## WHAT THE TASK ASKS
Could you copy all of the records below exactly as they appear?

Dataset items
========================================
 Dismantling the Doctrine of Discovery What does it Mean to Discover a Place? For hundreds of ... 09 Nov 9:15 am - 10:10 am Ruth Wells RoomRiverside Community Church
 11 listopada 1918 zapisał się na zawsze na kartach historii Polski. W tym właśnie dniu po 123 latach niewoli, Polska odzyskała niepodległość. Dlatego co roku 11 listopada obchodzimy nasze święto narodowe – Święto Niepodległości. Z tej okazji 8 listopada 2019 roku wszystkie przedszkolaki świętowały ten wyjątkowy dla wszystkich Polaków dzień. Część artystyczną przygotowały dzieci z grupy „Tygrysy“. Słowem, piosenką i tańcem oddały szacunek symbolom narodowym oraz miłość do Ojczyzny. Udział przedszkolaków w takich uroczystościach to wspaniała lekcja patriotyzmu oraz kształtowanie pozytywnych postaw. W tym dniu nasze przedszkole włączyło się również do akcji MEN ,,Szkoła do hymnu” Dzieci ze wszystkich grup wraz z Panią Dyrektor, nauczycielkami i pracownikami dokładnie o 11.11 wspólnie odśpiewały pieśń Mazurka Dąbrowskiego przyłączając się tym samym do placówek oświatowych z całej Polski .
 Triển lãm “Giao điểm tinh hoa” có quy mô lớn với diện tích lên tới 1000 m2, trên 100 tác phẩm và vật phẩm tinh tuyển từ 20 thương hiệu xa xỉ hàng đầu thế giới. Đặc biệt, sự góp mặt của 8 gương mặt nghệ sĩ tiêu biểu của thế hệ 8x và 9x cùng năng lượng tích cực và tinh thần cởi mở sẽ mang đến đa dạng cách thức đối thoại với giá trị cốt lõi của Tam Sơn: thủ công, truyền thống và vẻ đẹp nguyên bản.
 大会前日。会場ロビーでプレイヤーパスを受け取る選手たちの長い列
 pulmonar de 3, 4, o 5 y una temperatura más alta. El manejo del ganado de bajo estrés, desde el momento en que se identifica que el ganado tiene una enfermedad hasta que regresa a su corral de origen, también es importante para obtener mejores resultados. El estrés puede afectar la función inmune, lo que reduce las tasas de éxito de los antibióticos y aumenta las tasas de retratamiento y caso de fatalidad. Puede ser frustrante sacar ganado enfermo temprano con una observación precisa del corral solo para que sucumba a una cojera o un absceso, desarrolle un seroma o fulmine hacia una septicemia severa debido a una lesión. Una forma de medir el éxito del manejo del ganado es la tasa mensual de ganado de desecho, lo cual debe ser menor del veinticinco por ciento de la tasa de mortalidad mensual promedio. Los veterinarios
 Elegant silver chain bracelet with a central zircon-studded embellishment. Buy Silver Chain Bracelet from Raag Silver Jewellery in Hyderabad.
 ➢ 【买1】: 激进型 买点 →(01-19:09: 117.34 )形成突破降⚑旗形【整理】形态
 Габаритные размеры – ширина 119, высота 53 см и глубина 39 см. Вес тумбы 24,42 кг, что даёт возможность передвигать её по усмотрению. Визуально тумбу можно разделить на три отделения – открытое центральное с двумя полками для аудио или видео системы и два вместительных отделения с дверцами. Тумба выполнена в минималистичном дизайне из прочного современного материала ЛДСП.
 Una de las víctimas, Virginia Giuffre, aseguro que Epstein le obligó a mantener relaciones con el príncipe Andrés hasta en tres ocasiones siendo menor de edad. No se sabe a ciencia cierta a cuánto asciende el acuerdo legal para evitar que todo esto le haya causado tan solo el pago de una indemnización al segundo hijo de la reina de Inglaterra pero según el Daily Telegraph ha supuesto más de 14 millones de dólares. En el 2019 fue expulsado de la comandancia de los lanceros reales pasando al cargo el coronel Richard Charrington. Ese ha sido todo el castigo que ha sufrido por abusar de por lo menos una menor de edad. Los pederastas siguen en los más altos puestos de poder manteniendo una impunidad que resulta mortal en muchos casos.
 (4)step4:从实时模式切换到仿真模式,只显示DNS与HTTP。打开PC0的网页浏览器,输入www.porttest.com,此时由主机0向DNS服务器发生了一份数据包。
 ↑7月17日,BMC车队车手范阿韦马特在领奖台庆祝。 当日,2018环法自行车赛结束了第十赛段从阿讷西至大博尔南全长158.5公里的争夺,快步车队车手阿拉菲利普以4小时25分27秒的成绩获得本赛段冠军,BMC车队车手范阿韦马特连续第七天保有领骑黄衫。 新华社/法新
========================================
## RESPONSE FOR THIS EXERCISE
 Dismantling the Doctrine of Discovery What does it Mean to Discover a Place? For hundreds of ... 09 Nov 9:15 am - 10:10 am Ruth Wells RoomRiverside Community Church
 11 listopada 1918 zapisał się na zawsze na kartach historii Polski. W tym właśnie dniu po 123 latach niewoli, Polska odzyskała niepodległość. Dlatego co roku 11 listopada obchodzimy nasze święto narodowe – Święto Niepodległości. Z tej okazji 8 listopada 2019 roku wszystkie przedszkolaki świętowały ten wyjątkowy dla wszystkich Polaków dzień. Część artystyczną przygotowały dzieci z grupy „Tygrysy“. Słowem, piosenką i tańcem oddały szacunek symbolom narodowym oraz miłość do Ojczyzny. Udział przedszkolaków w takich uroczystościach to wspaniała lekcja patriotyzmu oraz kształtowanie pozytywnych postaw. W tym dniu nasze przedszkole włączyło się również do akcji MEN ,,Szkoła do hymnu” Dzieci ze wszystkich grup wraz z Panią Dyrektor, nauczycielkami i pracownikami dokładnie o 11.11 wspólnie odśpiewały pieśń Mazurka Dąbrowskiego przyłączając się tym samym do placówek oświatowych z całej Polski .
 Triển lãm “Giao điểm tinh hoa” có quy mô lớn với diện tích lên tới 1000 m2, trên 100 tác phẩm và vật phẩm tinh tuyển từ 20 thương hiệu xa xỉ hàng đầu thế giới. Đặc biệt, sự góp mặt của 8 gương mặt nghệ sĩ tiêu biểu của thế hệ 8x và 9x cùng năng lượng tích cực và tinh thần cởi mở sẽ mang đến đa dạng cách thức đối thoại với giá trị cốt lõi của Tam Sơn: thủ công, truyền thống và vẻ đẹp nguyên bản.
 大会前日。会場ロビーでプレイヤーパスを受け取る選手たちの長い列
 pulmonar de 3, 4, o 5 y una temperatura más alta. El manejo del ganado de bajo estrés, desde el momento en que se identifica que el ganado tiene una enfermedad hasta que regresa a su corral de origen, también es importante para obtener mejores resultados. El estrés puede afectar la función inmune, lo que reduce las tasas de éxito de los antibióticos y aumenta las tasas de retratamiento y caso de fatalidad. Puede ser frustrante sacar ganado enfermo temprano con una observación precisa del corral solo para que sucumba a una cojera o un absceso, desarrolle un seroma o fulmine hacia una septicemia severa debido a una lesión. Una forma de medir el éxito del manejo del ganado es la tasa mensual de ganado de desecho, lo cual debe ser menor del veinticinco por ciento de la tasa de mortalidad mensual promedio. Los veterinarios
 Elegant silver chain bracelet with a central zircon-studded embellishment. Buy Silver Chain Bracelet from Raag Silver Jewellery in Hyderabad.
 ➢ 【买1】: 激进型 买点 →(01-19:09: 117.34 )形成突破降⚑旗形【整理】形态
 Габаритные размеры – ширина 119, высота 53 см и глубина 39 см. Вес тумбы 24,42 кг, что даёт возможность передвигать её по усмотрению. Визуально тумбу можно разделить на три отделения – открытое центральное с двумя полками для аудио или видео системы и два вместительных отделения с дверцами. Тумба выполнена в минималистичном дизайне из прочного современного материала ЛДСП.
 Una de las víctimas, Virginia Giuffre, aseguro que Epstein le obligó a mantener relaciones con el príncipe Andrés hasta en tres ocasiones siendo menor de edad. No se sabe a ciencia cierta a cuánto asciende el acuerdo legal para evitar que todo esto le haya causado tan solo el pago de una indemnización al segundo hijo de la reina de Inglaterra pero según el Daily Telegraph ha supuesto más de 14 millones de dólares. En el 2019 fue expulsado de la comandancia de los lanceros reales pasando al cargo el coronel Richard Charrington. Ese ha sido todo el castigo que ha sufrido por abusar de por lo menos una menor de edad. Los pederastas siguen en los más altos puestos de poder manteniendo una impunidad que resulta mortal en muchos casos.
 (4)step4:从实时模式切换到仿真模式,只显示DNS与HTTP。打开PC0的网页浏览器,输入www.porttest.com,此时由主机0向DNS服务器发生了一份数据包。
 ↑7月17日,BMC车队车手范阿韦马特在领奖台庆祝。 当日,2018环法自行车赛结束了第十赛段从阿讷西至大博尔南全长158.5公里的争夺,快步车队车手阿拉菲利普以4小时25分27秒的成绩获得本赛段冠军,BMC车队车手范阿韦马特连续第七天保有领骑黄衫。 新华社/法新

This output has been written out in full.